Mendelian Randomization (MR) has been used in various public health studies to investigate the causal effects of modifiable risk factors on diseases. Some examples of these studies include:
--Studying the effects of smoking on lung cancer: A Mendelian Randomization study examined the causal relationship between smoking and lung cancer by using genetic variants associated with smoking behavior as instrumental variables. The study found strong evidence supporting a causal link between smoking and lung cancer.
--Investigating the impact of alcohol consumption on cardiovascular health: Researchers used Mendelian Randomization to estimate the causal effects of alcohol consumption on various cardiovascular outcomes, such as blood pressure, heart rate, and risk of coronary heart disease. The study found that moderate alcohol consumption was not associated with a lower risk of cardiovascular disease, challenging the notion of a protective effect of alcohol on heart health.
--Assessing the relationship between obesity and type 2 diabetes: A Mendelian Randomization study examined the causal relationship between obesity and type 2 diabetes by using genetic variants associated with body mass index (BMI) as instrumental variables. The study found strong evidence supporting a causal link between obesity and an increased risk of type 2 diabetes.
--Evaluating the impact of physical activity on mental health: Researchers used Mendelian Randomization to investigate the causal effects of physical activity on various mental health outcomes, such as depression, anxiety, and schizophrenia. The study found that higher levels of physical activity were causally associated with a lower risk of depression.
These examples demonstrate how Mendelian Randomization can provide valuable insights into the causal relationships between modifiable risk factors and diseases in public health research. However, interpreting Mendelian Randomization studies can be challenging, and researchers need to carefully consider the underlying assumptions and limitations of the method.

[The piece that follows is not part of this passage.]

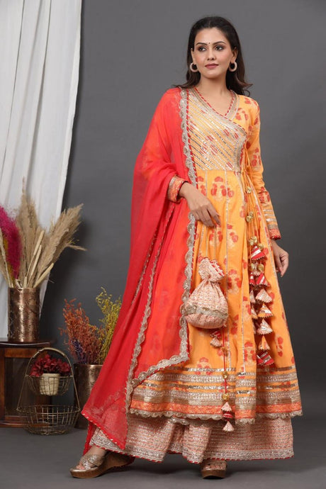 Premium Cotton Bandej Gown With Beautiful Embroidery On Yoke and Gota Detailing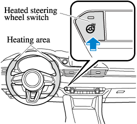 Press the switch to turn on the heated steering wheel. The heated steering wheel operates for about 30 minutes and then turns off automatically.

Mendelian Randomization Studies in Multiple Sclerosis

Mendelian randomization (MR) studies have been conducted to examine the association between possible risk factors and multiple sclerosis (MS). MR is an analytical approach that uses genetic variants as instrumental variables to strengthen the causal inference of an exposure-outcome association by minimizing confounding and reverse causality. Here are some key findings from MR studies on MS:
--Low vitamin D levels and high adult body mass index (BMI) appear to be uncontested risk factors for increased MS risk.
--Peripheral leucocyte and lymphocyte counts have been found to be positively associated with the risk for MS.
--Genetically low 25-hydroxyvitamin D (25OHD) levels are associated with a high susceptibility to MS.
--Proteins FCRL3, TYMP, and AHSG in plasma have a protective effect on MS, while MMEL1 in cerebrospinal fluid (CSF) increases the risk of MS. These findings provide insights into the potential causal effects of various genetic and non-genetic risk factors on MS development. MR analysis allows for more reliable and accurate causal conclusions compared to observational studies, which are prone to confounding and reverse causation.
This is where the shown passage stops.